Maybe a killing-curve experiment:

We'd be happy to do the competence-induction test with a concentration of bicyclomycin high enough to inhibit growth, but we don't want to use one that will actually kill the cells in the 30-90 minute incubation periods, since then we couldn't test whether any cells became competent.  The only way to find this out will be to design a killing-kinetics experiment after we have the Bioscreen results, where we give cells a high concentration and take samples every 15 minutes to measure survival.  But probably this can wait until after we have the results of the first competence-induction test described below.

Step 3:  Test effect of short-term exposure to bicyclomycin on competence induction:

The induction experiment:  (first draft)

This is intended to be a quick-and-dirty experiment.  We won't worry about getting all the conditions just right, but will quickly assess a range of plausible conditions to see if any induce competence.

  1. Start with non-competent cells (in log-phase growth, at OD600 = 0.2?).
  2. Transfer 5 ml of the culture to tubes or tiny flasks with three different concentrations of bicyclomycin: one that slows growth without killing the cells, one that more severely inhibits growth, and one that completely stops growth within 90 min.  Also a negative control culture with no bicyclomycin, and a positive control culture with 1 mM cAMP.
  3. At three different times (30 min, 60 min, 90 min?), pellet 1 ml of cells and resuspend them in medium containing MAP7 DNA (no bicyclomycin).  Incubate for 1 hr (to allow continued development of competence and then DNA uptake), dilute and plate ± novobiocin to measure transformation (and survival).

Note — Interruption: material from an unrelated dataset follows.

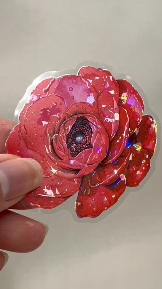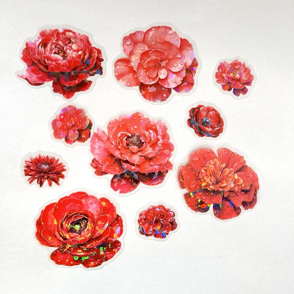 Holographic Red Pink Flower Stickers Valentine's Junk Journals Collage Scrapbook

Timing and initial density: As planned above, total growth times will range from 90 min to 150 min; this is enough time for about 2.5 to 4 cell doublings under normal conditions.  Initially I planned to start with cultures at OD=0.2.  But from this initial density the negative control (no bicyclomycin) cells would go on to develop the usual low-level competence during the incubation with DNA, and transformation frequency would be 10^-5 - 10^-4 even for the shortest growth time. This would also mask the induction we expect in the positive control (+ cAMP).

What if we started at OD = 0.05 instead?  Negative-control samples using 90 min of total growth time would not give any transformants.  Samples that had longer incubations would, but we might still be able to detect an induction effect.

Or we could start even lower.  But this risks using so few cells that we can't detect low-level increases in transformation frequency (the limit of detection depends on the cell density), especially with bicyclomycin concentrations that inhibit growth.

We could use different initial densities for the different concentrations (OD=0.05 for 0 and low bicyclomycin and cAMP, and 0.1 for the higher concentrations).

Time management issues:

Another timing consideration is the need to be doing many things at once.  As set out above, we'd need to be pelleting and resuspending the t=90 samples at the same time as we're diluting and plating the t=30 samples.  Better to spread out the exposure times a bit more (say 20 min, 60 min and 100 min), so the different tasks are due at different times.  The initial choices were semi-arbitrary, so these new times should be just as good.

Semi-final plan:
  1. Start with non-competent cells (in log-phase growth, at OD600 = 0.1?).
  2. Transfer 5 ml of the culture (undiluted or diluted 1:1 with sBHI) to tubes or tiny flasks with no drug, cAMP (1 mM), and three different concentrations of bicyclomycin, chosen after consideration of the Bioscreen results.  Use the undiluted culture for flasks with high bicyclomycin.  
  3. At three different times (20 min, 60 min, 100 min), pellet 1 ml of cells and resuspend them in sBHI medium containing 1 µg MAP7 DNA (no bicyclomycin).  Incubate for 1 hr, dilute and plate ± novobiocin to measure transformation and survival.